───── Information supplied ─────

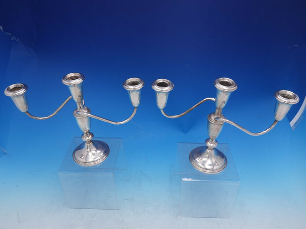 Old French by Amston sterling silver weighted pair of 3-light candelabras marked #616. They measure 8 1/4" tall x 11" . They are not monogrammed and are in good vintage condition. Stunning!
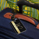 Varje bagage behöver en härlig märkre! Den eleganta och unika professionellen/det utöva monogrammed initiala brev tonar itu. Bakgrundsfärg är svart med guld omkullkastar randen. Redigerbara mallmärkre - tillfoga monogramen.
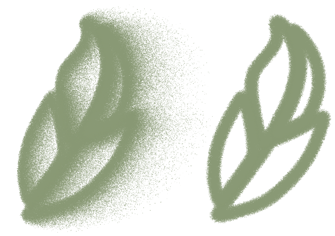 Strokes with (left) and without (right) pen-tilt angle simulation
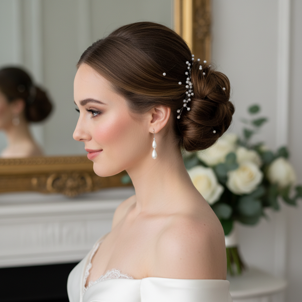 The chignon is the epitome of bridal elegance, a low bun that can be sleek or softly textured. It exudes sophistication and works beautifully with almost any dress neckline.
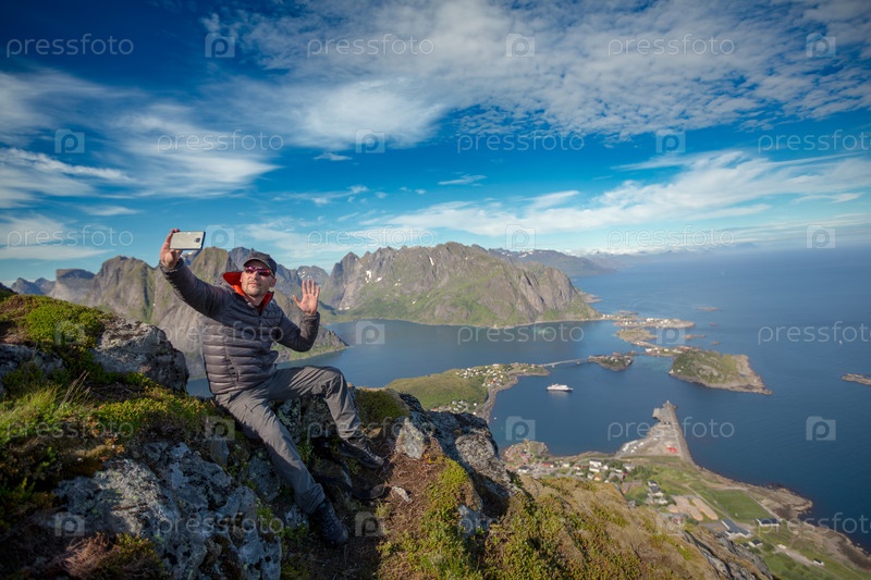 Удивительный пейзаж Лофотенских островов с вершины горы Рейнбриген с синим небом, округ Нордланд, Норвегия
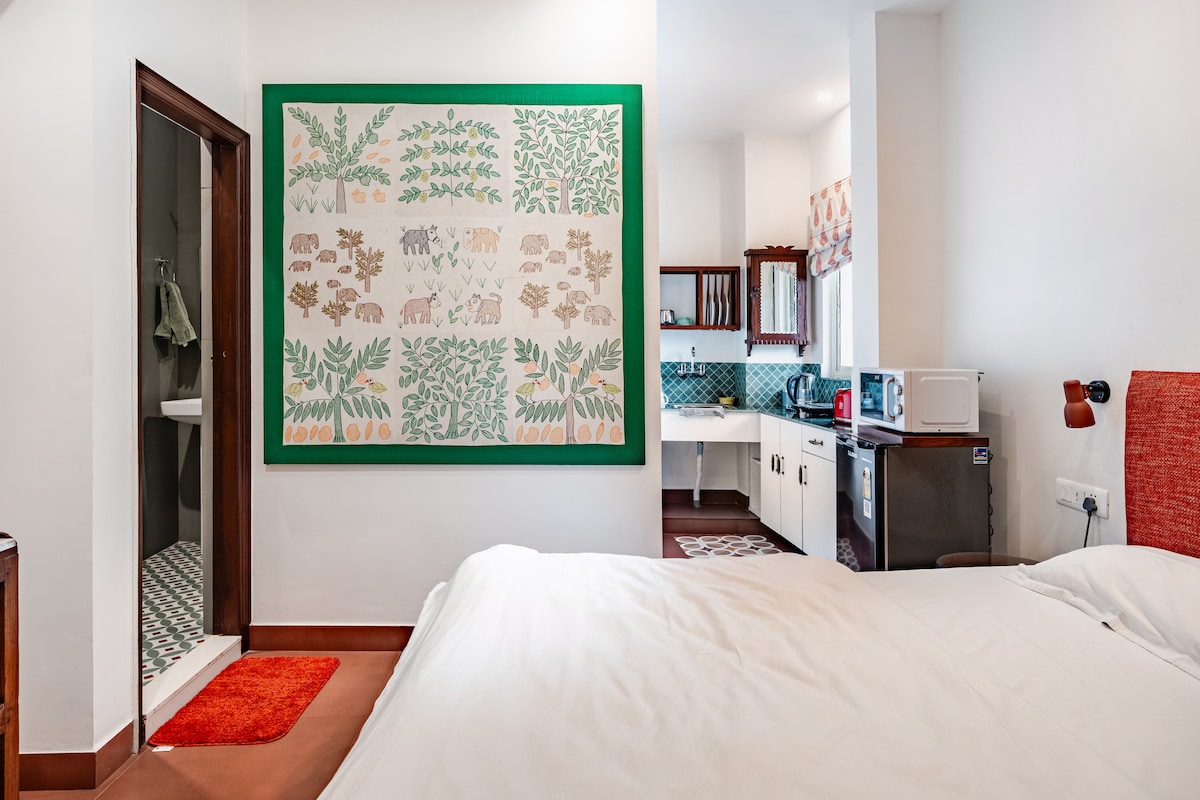 Deléitate con el encanto atemporal de nuestro apartamento de un dormitorio, diseñado con el encantador estilo rayastaní. Ubicada en el corazón de Delhi, justo delante del monumento Hauz Khas del siglo XIII y el animado pueblo de Hauz Khas, esta morada independiente ofrece una mezcla única de historia y vitalidad contemporánea. El tamaño del apartamento es de 480 pies cuadrados.
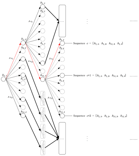 Figure 4. The procedure of the IEMM algorithm. The solid arrows and circles refer to the recorded sequences, and the dotted arrows and circles refer to the abandoned sequences. The red arrows are connected to show an example sequence c.
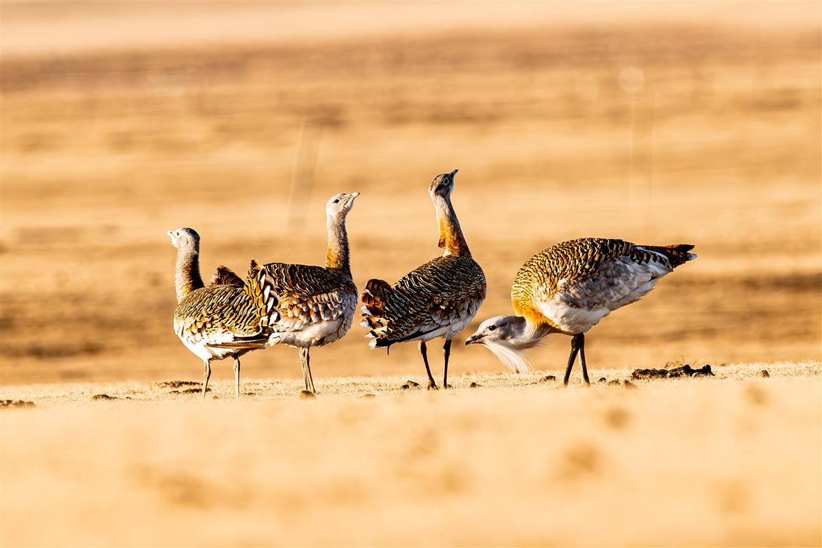大鸨,国家一级重点保护动物。4月初,内蒙古多伦草原寒冷刺骨,往北迁徙的大鸨,在此短暂停留、休憩,补充体能。
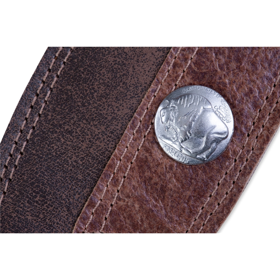 La PMD4BU-DBR è la tracolla in pelle con moneta 5 cent buffalo di casa Levy's, larga 2 1/2" (6.35 cm). Regolabile fino a 55" (139.7 cm), colorazione Dark Brown.
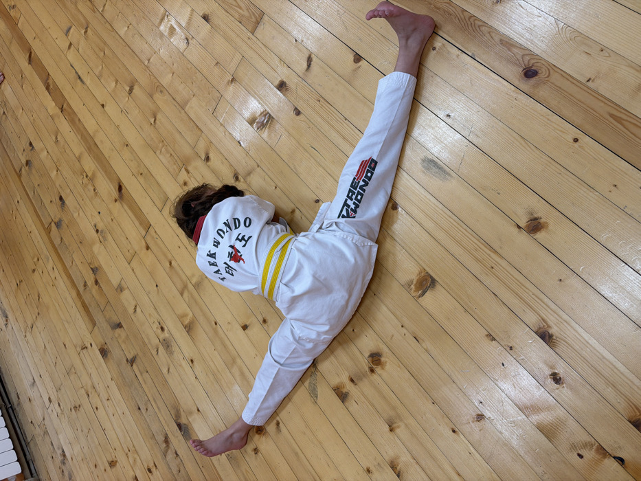 The scene is located in Kostinbrod, Bulgaria. A single individual is positioned on a light-colored wooden floor, performing a full front split. The person is viewed from behind, wearing a white Taekwondo uniform with a yellow belt tied around the waist. The back of the uniform's jacket displays "TAEKWONDO" in black capital letters above red Korean characters (태권도). The left pant leg features a logo that reads "VTRE TAEKWONDO". The individual's legs are fully extended forward and backward, and their torso is bent forward with their head lowered and forearms resting on the floor. Both feet are bare. The floor consists of light-toned wooden planks exhibiting visible grain and knots, arranged diagonally within the frame.
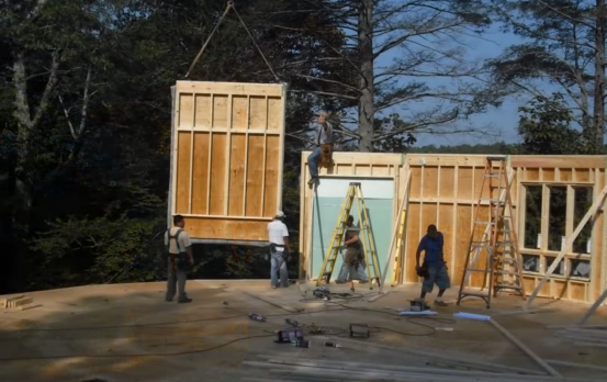 Ecoliv房屋是一宽木龙骨预制化模块化房屋,整体房屋可由单个模块组成,也可由多个模块进行拼装组成,每个工厂加工的模块以木龙骨为主体,做好内装、外装甚至家具,多个模块可在现场用吊车进行拼接。
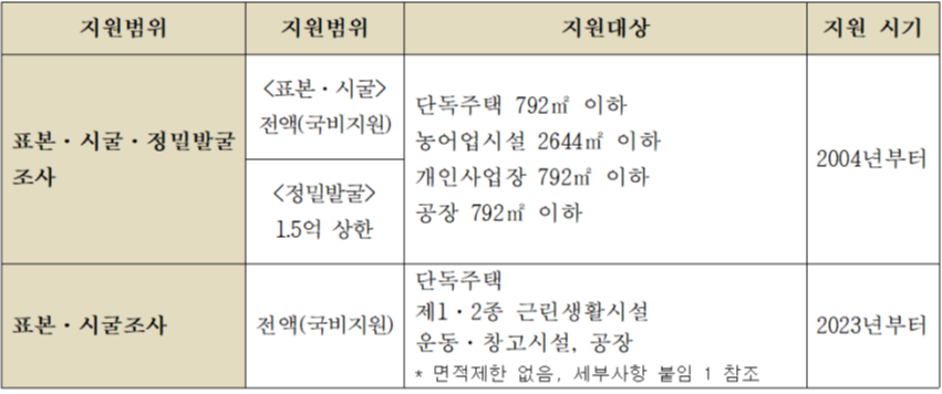 문화재청은 일정 규모 이하의 건설공사 시 매장유산 조사를 국가가 지원하여 경제적 부담을 줄이고 매장유산을 효과적으로 보호·관리하기 위해 ‘국비지원 발굴조사 사업’을 시행해오고 있으며, 단독주택, 농어업시설 등 소규모 건설공사에 한해 발굴조사 비용을 지원하던 것을 확대시켜 올해부터는 제1·2종 근린생활시설과 운동시설 같은 생활밀접형 건설공사에 대해서는 면적에 상관없이 진단조사(표본·시굴) 비용을 전액지원해오고 있다.
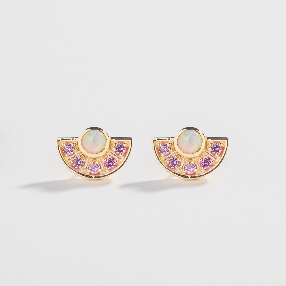 OPAL FAN STUDS | 14K GOLD & PINK SAPPHIRE
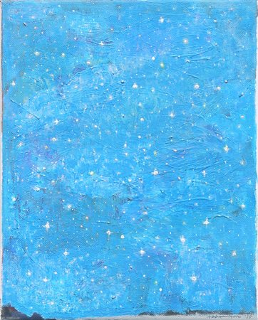 Lot 17 Natale ADDAMIANO (Bitetto 1943-05-12 ) Sera stellata 2015 olio su tela cm. 30 x 24Firma, data "Addamiano, 15" (in basso a destra) Titolo, firma, data, misure "Sera stellata, Addamiano, 2015, 24x30" (al retro) Firma, data "Addamiano, 15" (in basso a destra) Titolo, firma, data, misure "Sera stellata, Addamiano, 2015, 24x30" (al retro) Autentica dell'artista su fotografia
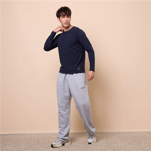男裝 經典跳色LOGO刺繡抗皺內搭長袖涼感上衣-深藍色
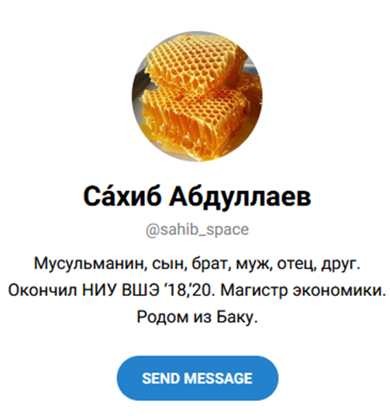 Автором канала заявлен Сахиб Абдуллаев. О нем практически ничего не известно. О себе он говорит, как о правоверном мусульманине родом из Баку. Заявляет, что окончил НИУ ВШЭ, является магистром экономики. Но никаких подтверждений или дополнительной информации о квалификации не дает. По всем вопросам предлагает писать в Телеграм sahib space.
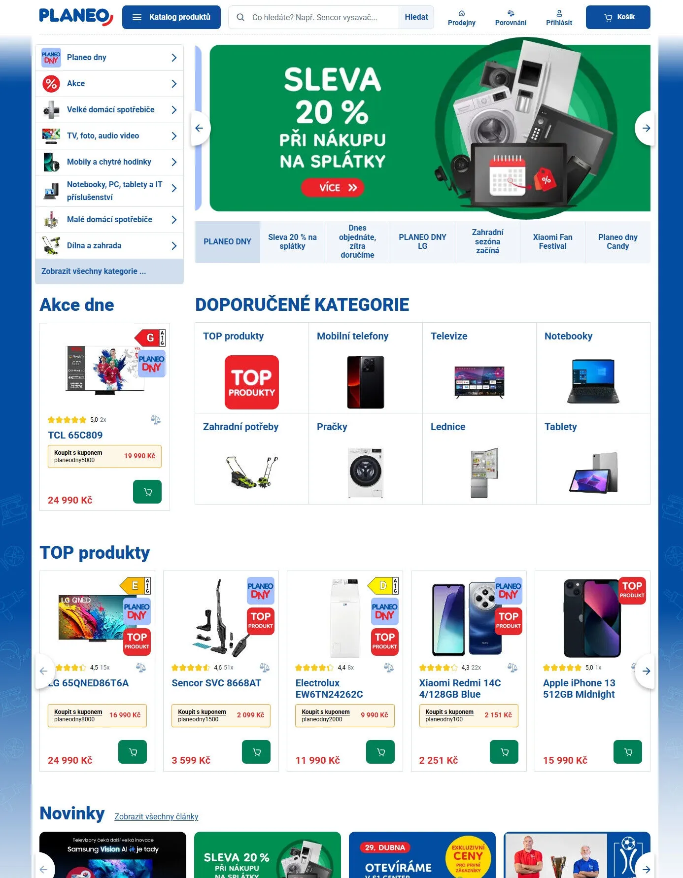 V letáku obchodu Planeo Elektro najdete širokou nabídku produktů za skvělé ceny. Aktuálně probíhá akce Planeo dny, kde můžete využít slevy až 20 % na vybrané zboží. Mezi top produkty patří vysavač Sencor SVC 8668AT za 2 099 Kč a televizor TCL 65C809, který nyní pořídíte za 19 990 Kč.
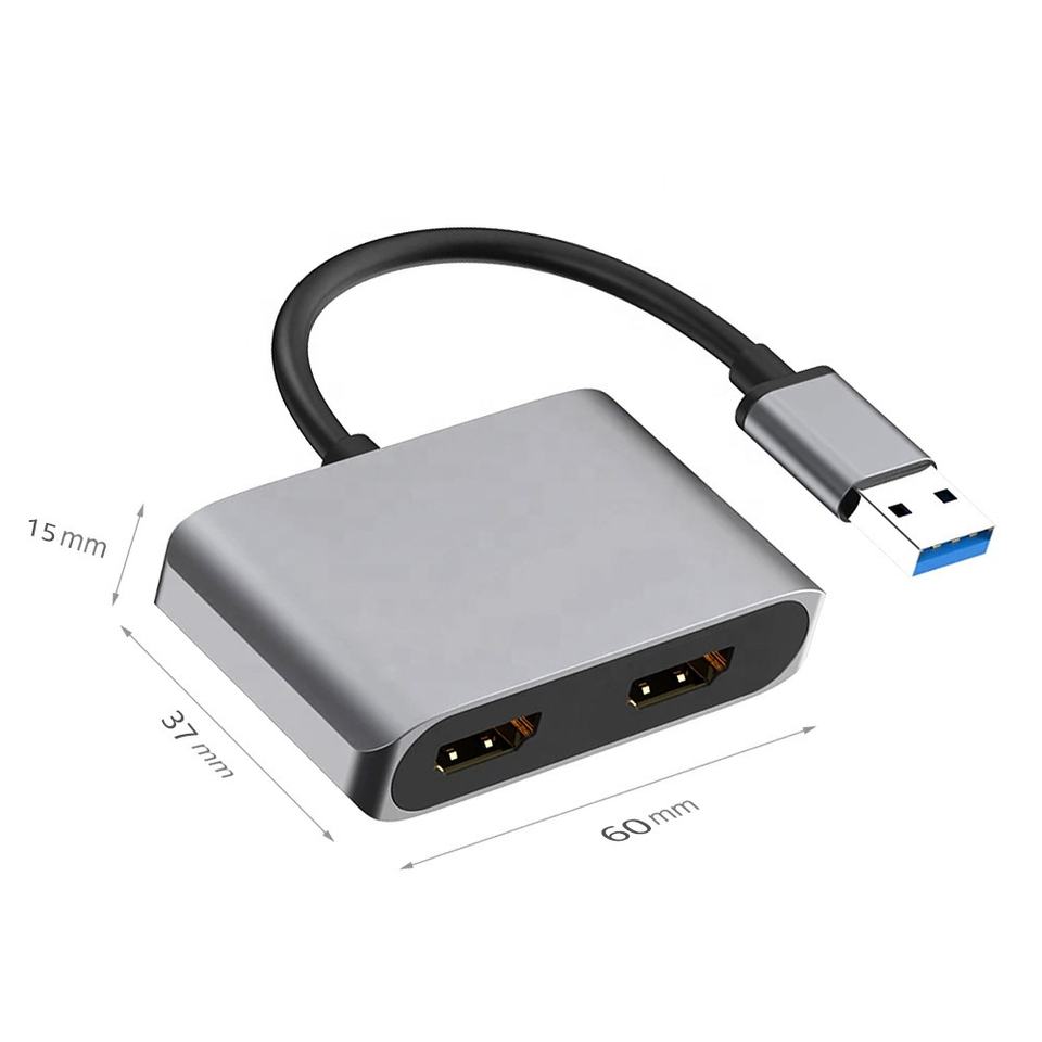 Adaptateur USB 3.0 vers double HDMI-carte vidéo et graphique externe-USB type-a vers HDMI adaptateur d'affichage à double moniteur

─────

## [Directions]
Give the lines of the entries above exactly as they appear, leaving out each picture.

## [Answer section]
 Old French by Amston sterling silver weighted pair of 3-light candelabras marked #616. They measure 8 1/4" tall x 11" . They are not monogrammed and are in good vintage condition. Stunning!
 Varje bagage behöver en härlig märkre! Den eleganta och unika professionellen/det utöva monogrammed initiala brev tonar itu. Bakgrundsfärg är svart med guld omkullkastar randen. Redigerbara mallmärkre - tillfoga monogramen.
 Strokes with (left) and without (right) pen-tilt angle simulation
 The chignon is the epitome of bridal elegance, a low bun that can be sleek or softly textured. It exudes sophistication and works beautifully with almost any dress neckline.
 Удивительный пейзаж Лофотенских островов с вершины горы Рейнбриген с синим небом, округ Нордланд, Норвегия
 Deléitate con el encanto atemporal de nuestro apartamento de un dormitorio, diseñado con el encantador estilo rayastaní. Ubicada en el corazón de Delhi, justo delante del monumento Hauz Khas del siglo XIII y el animado pueblo de Hauz Khas, esta morada independiente ofrece una mezcla única de historia y vitalidad contemporánea. El tamaño del apartamento es de 480 pies cuadrados.
 Figure 4. The procedure of the IEMM algorithm. The solid arrows and circles refer to the recorded sequences, and the dotted arrows and circles refer to the abandoned sequences. The red arrows are connected to show an example sequence c.
大鸨,国家一级重点保护动物。4月初,内蒙古多伦草原寒冷刺骨,往北迁徙的大鸨,在此短暂停留、休憩,补充体能。
 La PMD4BU-DBR è la tracolla in pelle con moneta 5 cent buffalo di casa Levy's, larga 2 1/2" (6.35 cm). Regolabile fino a 55" (139.7 cm), colorazione Dark Brown.
 The scene is located in Kostinbrod, Bulgaria. A single individual is positioned on a light-colored wooden floor, performing a full front split. The person is viewed from behind, wearing a white Taekwondo uniform with a yellow belt tied around the waist. The back of the uniform's jacket displays "TAEKWONDO" in black capital letters above red Korean characters (태권도). The left pant leg features a logo that reads "VTRE TAEKWONDO". The individual's legs are fully extended forward and backward, and their torso is bent forward with their head lowered and forearms resting on the floor. Both feet are bare. The floor consists of light-toned wooden planks exhibiting visible grain and knots, arranged diagonally within the frame.
 Ecoliv房屋是一宽木龙骨预制化模块化房屋,整体房屋可由单个模块组成,也可由多个模块进行拼装组成,每个工厂加工的模块以木龙骨为主体,做好内装、外装甚至家具,多个模块可在现场用吊车进行拼接。
 문화재청은 일정 규모 이하의 건설공사 시 매장유산 조사를 국가가 지원하여 경제적 부담을 줄이고 매장유산을 효과적으로 보호·관리하기 위해 ‘국비지원 발굴조사 사업’을 시행해오고 있으며, 단독주택, 농어업시설 등 소규모 건설공사에 한해 발굴조사 비용을 지원하던 것을 확대시켜 올해부터는 제1·2종 근린생활시설과 운동시설 같은 생활밀접형 건설공사에 대해서는 면적에 상관없이 진단조사(표본·시굴) 비용을 전액지원해오고 있다.
 OPAL FAN STUDS | 14K GOLD & PINK SAPPHIRE
 Lot 17 Natale ADDAMIANO (Bitetto 1943-05-12 ) Sera stellata 2015 olio su tela cm. 30 x 24Firma, data "Addamiano, 15" (in basso a destra) Titolo, firma, data, misure "Sera stellata, Addamiano, 2015, 24x30" (al retro) Firma, data "Addamiano, 15" (in basso a destra) Titolo, firma, data, misure "Sera stellata, Addamiano, 2015, 24x30" (al retro) Autentica dell'artista su fotografia
男裝 經典跳色LOGO刺繡抗皺內搭長袖涼感上衣-深藍色
 Автором канала заявлен Сахиб Абдуллаев. О нем практически ничего не известно. О себе он говорит, как о правоверном мусульманине родом из Баку. Заявляет, что окончил НИУ ВШЭ, является магистром экономики. Но никаких подтверждений или дополнительной информации о квалификации не дает. По всем вопросам предлагает писать в Телеграм sahib space.
 V letáku obchodu Planeo Elektro najdete širokou nabídku produktů za skvělé ceny. Aktuálně probíhá akce Planeo dny, kde můžete využít slevy až 20 % na vybrané zboží. Mezi top produkty patří vysavač Sencor SVC 8668AT za 2 099 Kč a televizor TCL 65C809, který nyní pořídíte za 19 990 Kč.
 Adaptateur USB 3.0 vers double HDMI-carte vidéo et graphique externe-USB type-a vers HDMI adaptateur d'affichage à double moniteur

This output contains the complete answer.